И именно поэтому, хотя мое полуторагодовое упорство прогрызло стену и в портфеле лежал свеженький номер "Юности" с повестью "Лаборантка", я не испытывал ни благодарности, ни почтения к шедшему от черной "Волги" главному редактору.
— Ну вот, ребята, вы уже познакомились друг с другом, — говорил Полевой. — Это хорошо. Пятым у нас Гофман, но он уже там, на месте. А мы летим в воскресенье. Как, не знаете Гофмана? Бывший летчик, герой. Теперь член Союза писателей. Самый подходящий для конференции антифашистов. Ну да сами увидите. Я вам хочу рассказать о поездке. Все будет хорошо, волноваться не нужно. Я там много раз бывал — принимают чехи хорошо.
— Борька! — донесся вдруг из машины пьяный крик. — Кончай трепаться. Ехать надо!
— Не шуми, Кайсын, успеем. Да-да, обстановка в стране нормализовалась. Подавляющее большинство населения осознало, что введение войск в шестьдесят восьмом было необходимостью. Опоздай мы на два дня — вошли бы западные немцы, НАТО. Война могла начаться. Так что теперь там спокойно. Таких штук, как два года назад с Гофманом, больше не происходит. Что случилось с Гофманом? Да ничего особенного. Он ехал куда-то выступать. И был в офицерской форме. А шоссе шло рядом с железной дорогой. Так что машина на какое-то время оказалась рядом с идущим поездом. И вдруг переднее стекло — вдребезги. То ли камень бросили, то ли выстрелили. Но это все теперь позади.
Красное лицо Кайсына Кулиева снова вывалилось из приоткрывшейся дверцы.
— Борька, поехали! Банк, бля, закроют.
— Нам — откроют. Отдыхай. Да, так вот я говорю, что отношение к нам теперь нормальное. Особенно в Словакии. Словаки вообще замечательный народ. Чехи к ним привыкли относиться свысока, с этаким пренебрежением. Считали, что они только на земле умеют работать, только с сельским хозяйством. А они за последние десять лет такую промышленность развернули — ого-го. И сталелитейные заводы, и шахты, и деревообрабатывающие фабрики, и кожевенные. Да что говорить — словаков во всем мире знают. Они куда ни приедут, где ни поселятся, все у них на лад идет. Они ведь теперь по всему свету разбросаны. За границей сейчас больше словаков живет, чем в самой Словакии.

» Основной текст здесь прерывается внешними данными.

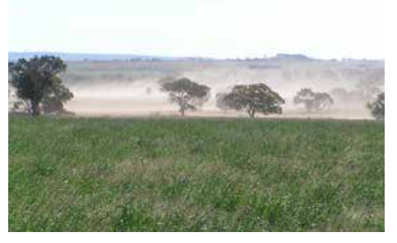
Holistic planned grazing in the foreground. Loss of soil organic matter due to lack of ground cover and conventional management in the distance.

There are several conventional assumptions in different mainstream disciplines that are obstacles to re-establishing the evolutionary grassland-grazer relationship for long-term sequestration of carbon in soils and restoring atmospheric carbon dioxide to pre-industrial levels. Each of these disciplines—climate science and advocacy, rangeland science, and soil science—contributes its own prevailing assumptions.
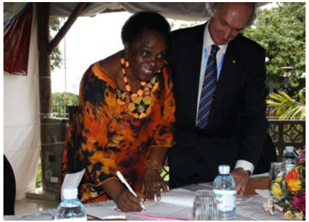
INTO Chair with Hon Maria Mutagamba, Ugandan Minister for Tourism, Wildlife & Antiquities

2013 marked a turning point in INTO's history as we convened the International Conference of National Trusts for the first time in the continent of Africa. It was my honour to lead the team drafting our 'Entebbe Declaration' which came out of the deliberations in Uganda, and which urged global action to protect and promote tangible and intangible heritage, especially within the least economically developed nations.
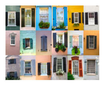
Charleston, South Carolina

Лишь на секунду он запнулся, вслушиваясь в вылетевшие у него слова; но, видимо, не найдя ничего странного в том, что этот замечательный народ предпочитает жить вдали от замечательной социалистической родины, продолжил свои наставления.
Хотя мне нечасто доводилось слушать выступления литературных бонз, почти всякий раз в своих разглагольствованиях они непременно допускали какой-нибудь идеологический ляп, как-нибудь да проговаривались. К сожалению, я ленился записывать их — в памяти уцелело лишь несколько эпизодов.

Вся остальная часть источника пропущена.